Website pengguna WordPress
Selengkapnya ada di halaman ini.

Lalu bagaimana dengan Indonesia?

Bahasa Indonesia tempati posisi ketiga sebagai bhs yang paling banyak digunakan di WordPress bersama dengan takaran 2,4%. Hanya kalah berasal dari Bahasa Inggris dan Bahasa Spanyol yang sesungguhnya digunakan oleh banyak negara.

Ini berarti tersedia terlampau banyak web site berbasis WordPress di Indonesia.

Mengapa WordPress bisa sedemikian populernya?
Alasan utamanya yakni gara-gara sistem pembuatannya sangat ringan, seperti yang sudah aku nyatakan tadi. Bahkan orang yang baru kenal computer pun dapat membawa dampak website dalam 5 menit bersama WordPress.

Selain itu, juga gara-gara gratis.

Tapi bukan cuma itu, inilah alasan utama kenapa website-website besar memanfaatkan WordPress:

Dengan WordPress, kita tidak harus membangun situs dari nol agar banyak pas dan tenaga yang sanggup dihemat
WordPress dapat dimodifikasi secara bebas dan tanpa batas cocok keperluan si pemilik web, baik secara penampilan maupun fitur
Banyak theme dan plugin yang tersedia supaya anda sanggup merubah penampilan dan dan mengimbuhkan fitur walaupun tidak mengerti sedikit pun mengenai programming
Proses belajarnya terlalu mudah
WordPress tetap dikembangkan dan diperbaharui oleh jutaan programmer di dunia
WordPress mempunyai komunitas pengguna terbesar. Kalau kamu mengalami susah, jawabannya bisa ditemukan bersama dengan gampang di internet
Dengan alasan-alasan berikut, sejak 2003 sampai saat ini WordPress senantiasa menjadi CMS yang paling populer.

Pada awalnya, WordPress cuma digunakan untuk membawa dampak blog…

…tapi saat ini WordPress termasuk sering digunakan sebagai web bersama kegunaan lain, misalnya website komunitas, jual membeli, direktori, portfolio, profil perusahaan, dan lain-lain.

Itulah sekilas berkenaan WordPress.

Tanpa panjang lebar ulang, mari kita mulai ke bab pertama saran ini

Saat ingin membuat web, lebih-lebih yang berbentuk blog, anda akan mendengar orang-orang di internet yang membanding-bandingkan antara WordPress.org, WordPress.com, dan Blogger.

Ini umumnya akan memicu orang-orang bingung.

Lebih parahnya lagi, anda dapat keliru memilih.

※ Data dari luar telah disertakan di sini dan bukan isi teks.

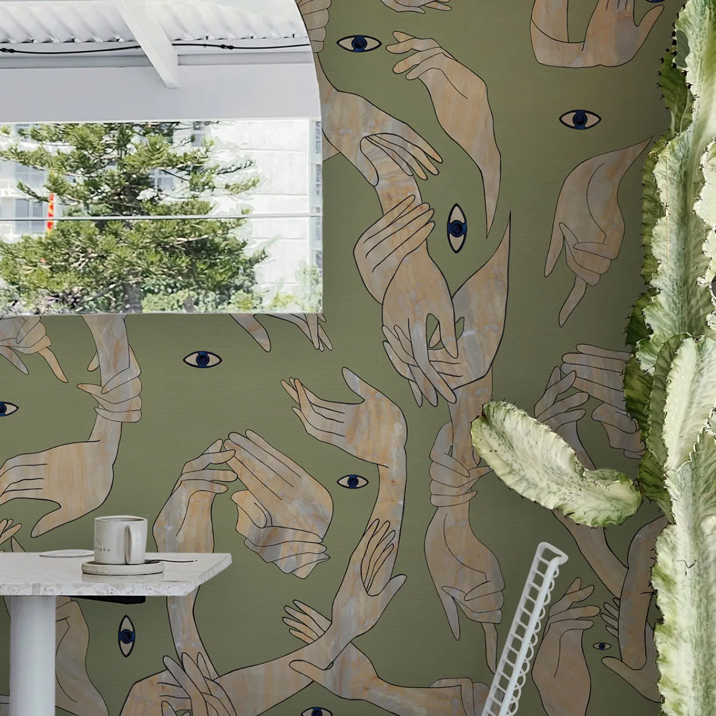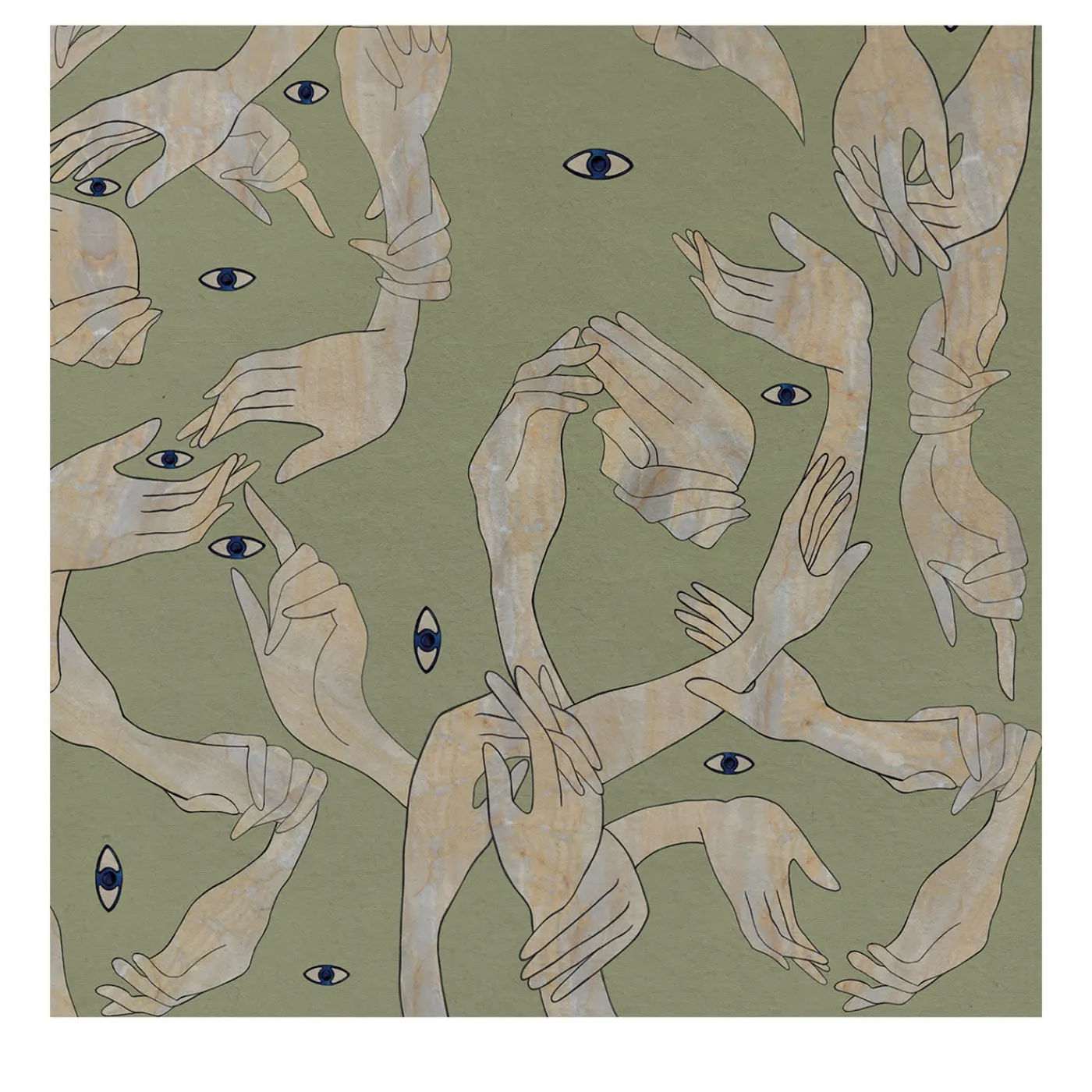 Qui una miriade di mani si intreccia, dando vita a un moto perpetuo che dà forma a un mondo visionario. Forme e colori giocano brutti scherzi agli occhi. I soggetti sono mani. I volti. L’infinita metamorfosi è una sorpresa costante. Ci sono così tanti punti di vista che non possiamo sapere quale rifletta la realtà. Miscele di sfumature e disegni grafici sono la base stilistica di questo eclettico mix di colori e texture contrastanti. Il risultato è un surrealismo senza precedenti.

Oleh dikarenakan itu, saat ini akan kita bahas secara obyektif apa saja kelebihan dan kelemahan dari tiap-tiap platform.

Perbedaan WordPress.com dan WordPress.org
Pertama, kita bahas dulu ke-2 saudara kembar ini.

Meskipun namanya serupa dan berasal berasal dari perusahaan yang mirip, tapi WordPress.org dan WordPress.com mempunyai perbedaan yang sangat besar.

Secara pengertian, WordPress.org merupakan sarana self hosted, namun WordPress.com merupakan fasilitas hosted.

Apaan tuh?

Supaya enteng dimengerti, kami ibaratkan layaknya daerah tinggal:

Self hosted itu ibarat tempat tinggal teristimewa. Rumah yang seutuhnya punya kamu sendiri, di tanah sendiri, dan bukan punya orang lain.

Sedangkan hosted itu seperti apartemen. Tanahnya bukan milik anda, kamu cuma memiliki sebuah unit di sebuah apartemen berikut. Apartemennya punya orang lain.

Perbandingan hosted dan self hosted
(Blogger.com termasuk terhitung hosted)

Sudah mampu gambarannya?

Intinya, WordPress.org self hosted ini 100% milik anda.

Sekarang, mari kami bandingkan ketiganya dari beragam faktor.

Popularitas
WordPress (hosted dan self-hosted) selagi ini berada di peringkat pertama sebagai CMS yang paling kondang bersama dengan takaran pasar sebesar 39% daripada total pengguna CMS lain.

Sedangkan Blogger ada di peringkat 4 dengan kandungan pasar 1%.

Peringkat popularitas CMS
Tabel di atas diambil alih berasal dari sini.

Kemudahan untuk dibuat
WordPress.com dan Blogger setara. Keduanya merupakan yang paling ringan dibikin gara-gara anda cuma kudu mendaftarkan account di websitenya tiap-tiap Video Tutorial Cara Bikin Web Untuk Pemula di Amlapura .

Mendaftar di WordPress
Sedangkan WordPress.org sedikit lebih sukar.

Untuk mengakibatkan web site berbasis WordPress.org, anda harus menyewa hosting dan domain kemudian lakukan instalasi.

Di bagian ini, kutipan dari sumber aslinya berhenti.